Materials and method
The aim of this project is to create a high frequency switch out of a nondescript toggle switch meant for DC and AC 50Hz operation. Although the toggle switch is more commonly available in the DPDT format than SPDT, we chose the latter because we suspect that latter’s fewer contacts are favourable from the RF standpoint. The second (unused) switch in the DPDT may have parasitic capacitances that can degrade the first switch’s isolation at higher frequencies. Since the toggle switch’s internal structure and solder terminals present significant impedance discontinuities, it will be interesting to find out what is the highest frequency the overall assembly can support. The three solder terminals protrude ~4mm from the switch’s enclosure; their ends are directly soldered to the BNC coaxial connectors’ centre conductors without intermediary wires. BNC connectors of different body lengths have to be used so that their centre conductors can physically contact the switch’s terminals. The RF-tight housing is made by soldering PCB rectangles at their edges. The housing’s removable top and bottom sides are screwed to the threaded brass stand-offs at the corners.
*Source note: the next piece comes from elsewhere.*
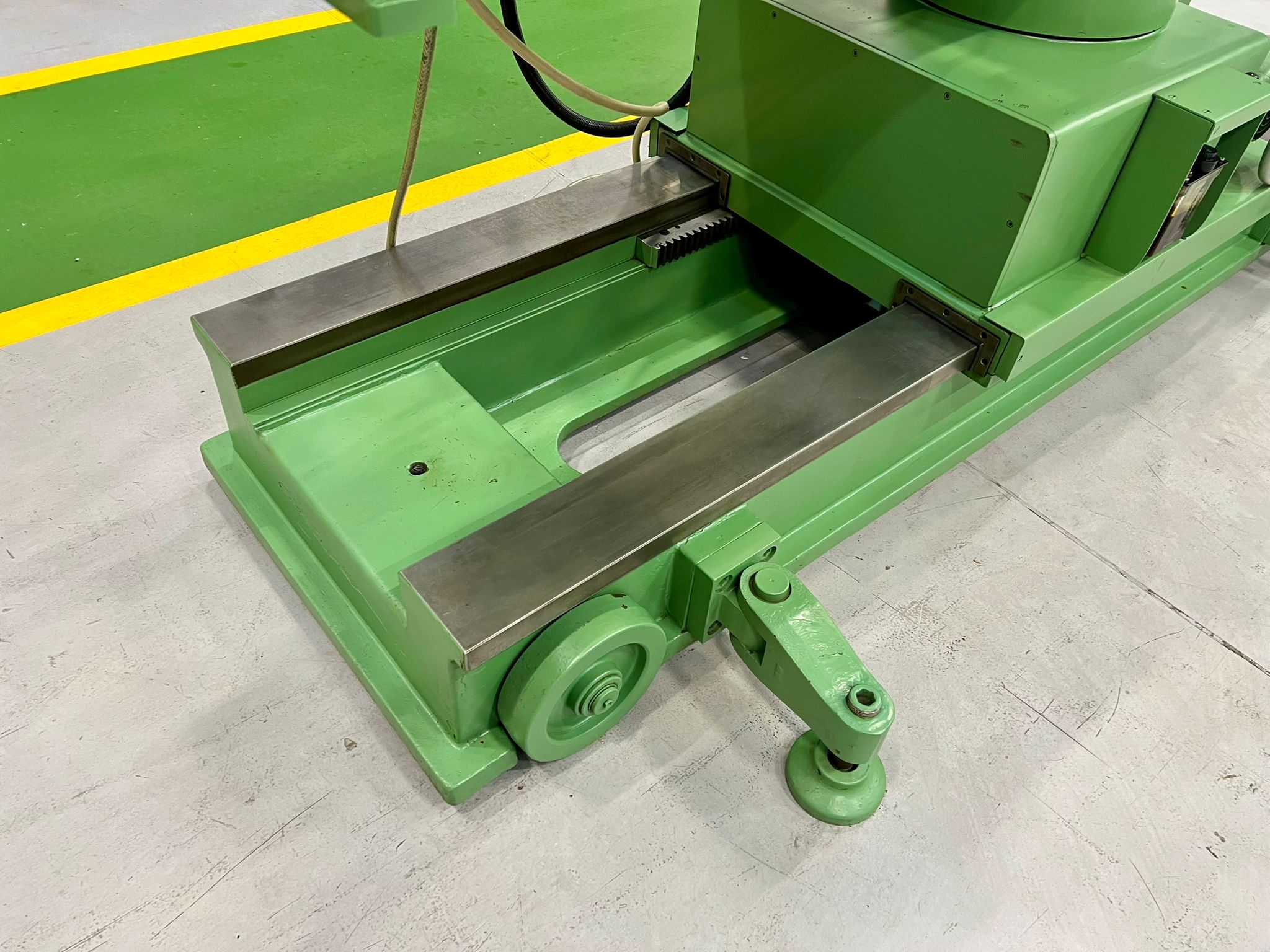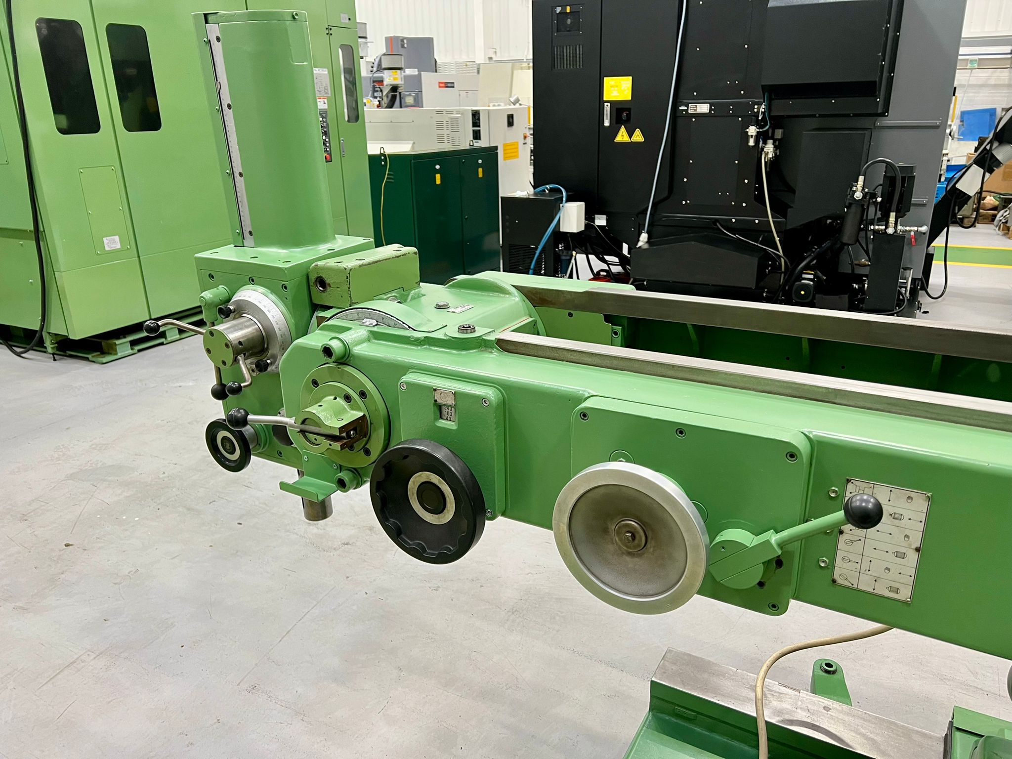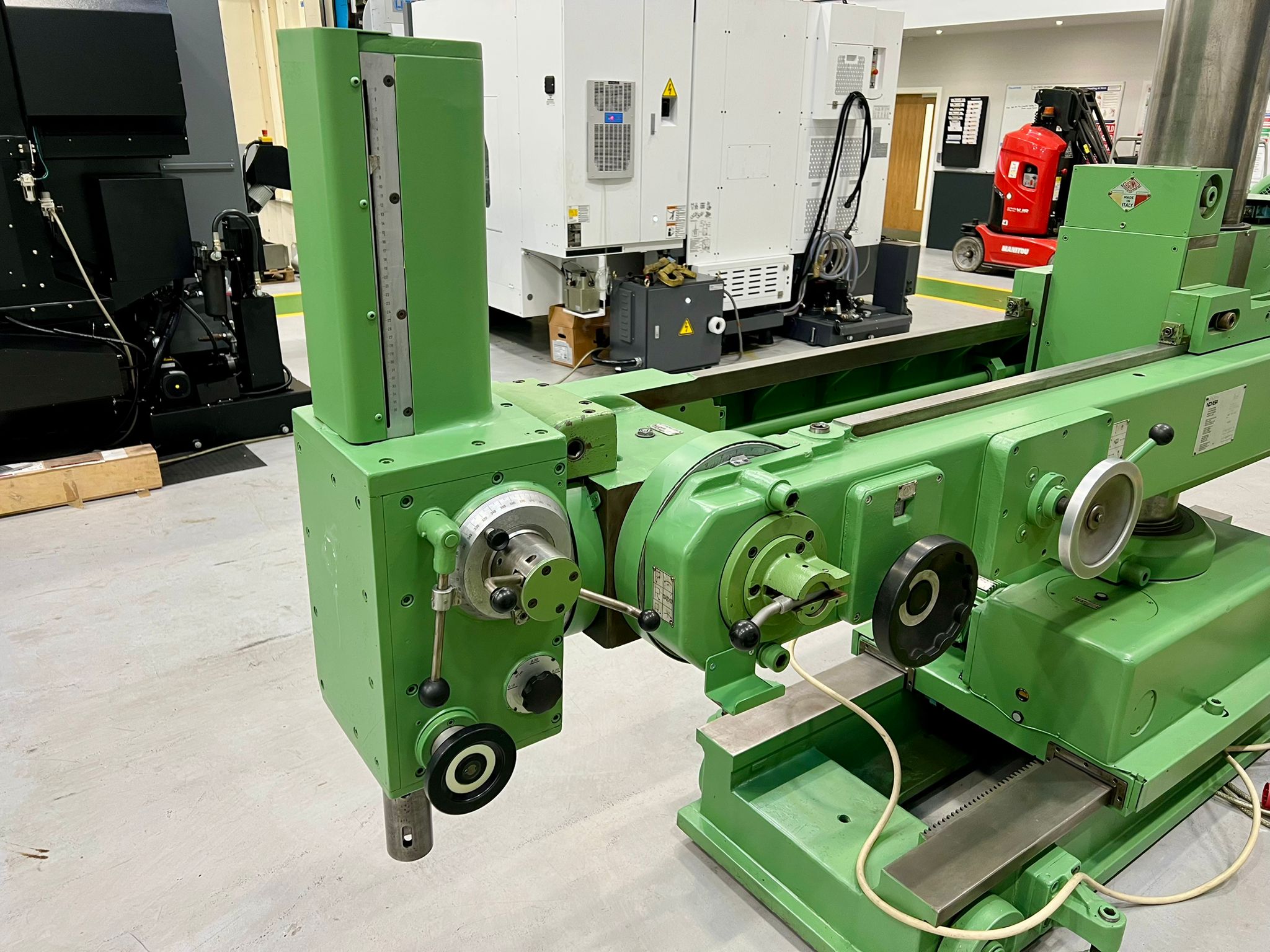 Spindle dia. 60mm. Spindle taper 5MT. Drilling capacity in steel (TS 600 MPa) 60mm. Drilling capacity in Cast Iron steel (TS 250 MPa) 70mm. Tapping capacity in steel (TS 600 MPa) 60mm. Spindle Travel 350mm. Spindle dia. 60mm. Spindle Taper MT5. No. Spindle Speeds 30,45,70,100,155,240,340,515,800rpm. Feeds 0.05,0.1,0.2,0.3mm/rev. Min/ Max Distance Between Spindle Axis & Column Axis 1,000mm/2,120mm. Min/Max Distance Between Spindle Nose & Floor 0mm/1,940mm. Min/Max Distance From Spindle Axis To Floor (Horizontal Spindle) 90mm/2,750mm. Vertical Travel Of Arm 1,030mm. Max Tilting Of Arm Downwards 21°. Max Tilting Of Arm Upwards 9°. Column Travel On Bed 1,500mm. Bed Size 780mm x 2,570mm. With Feet 1,200 x 2,570mm. Head Tilting (90° Up & 90° Down) 180°. Head Rotation 360°. Column Rotation 360°. Column dia. 240mm. Machine Height 2,520mm. Arm Horizontal Rapid Traverse 1,650mm/min. Arm Vertical Rapid Traverse 1,500mm/min. Column Travel On Bed 1,650mm/min. Spindle Motor 5.5kW. Arm Horizontal & Vertical Traverse Motor 2.2kW. Machine serial no. 117753. Year 1981. Machine rebuilt 2011.
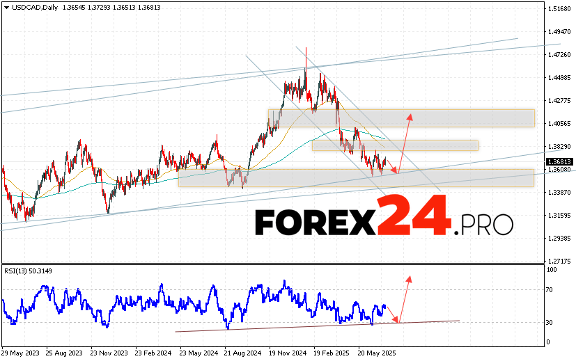 USD/CAD Weekly Forecast July 14 — 18, 2025 suggests an attempt to develop a bearish correction and test the support area near the 1.3585 level. Further, growth will continue with a target above the 1.4075 level. An additional signal in favor of growth will be a test of the trend line on the relative strength indicator. A fall and breakout of the 1.3435 area will cancel the upward trend. This will indicate a breakout of an important support level and a continuation of the decline with a target below 1.3125.

Assembly details (box size 40x30mm)
Results
The loss is <0.4 from DC to 1GHz. The loss in the B path is ~0.2dB higher than the A path – likely caused by different BNC body lengths. We suspect that the loss is mostly contributed by stray inductances in the signal path; the path length of the solder terminal to the COMMON port’s centre conductor is ~10mm. The ripples in the loss response are probably caused by reflections at the discontinuities.
Insertion loss test
The isolation is better than -25dB at DC-1GHz. The reducing isolation with frequency is caused by the parasitic capacitance between open switch contacts and also by radiated coupling.
Isolation test
The switch’s power handling is unknown. It has been used since 1998 at 5W TX in the 2m ham band. It might be possible to deduce the power handling from the toggle switch’s rating - 3A 250VAC and 6A 125VAC – but we did not try this.
Performance summary
Ideas for improvement
The high frequency loss can be improved by reducing the length of the discontinuities - e.g. the non-coaxial segment of the signal path.
Shorten solder terminals.
Shorten the BNC centre conductor.
Position the BNC connectors closer to switch’s body to minimize path length – need to customize the housing to achieve this.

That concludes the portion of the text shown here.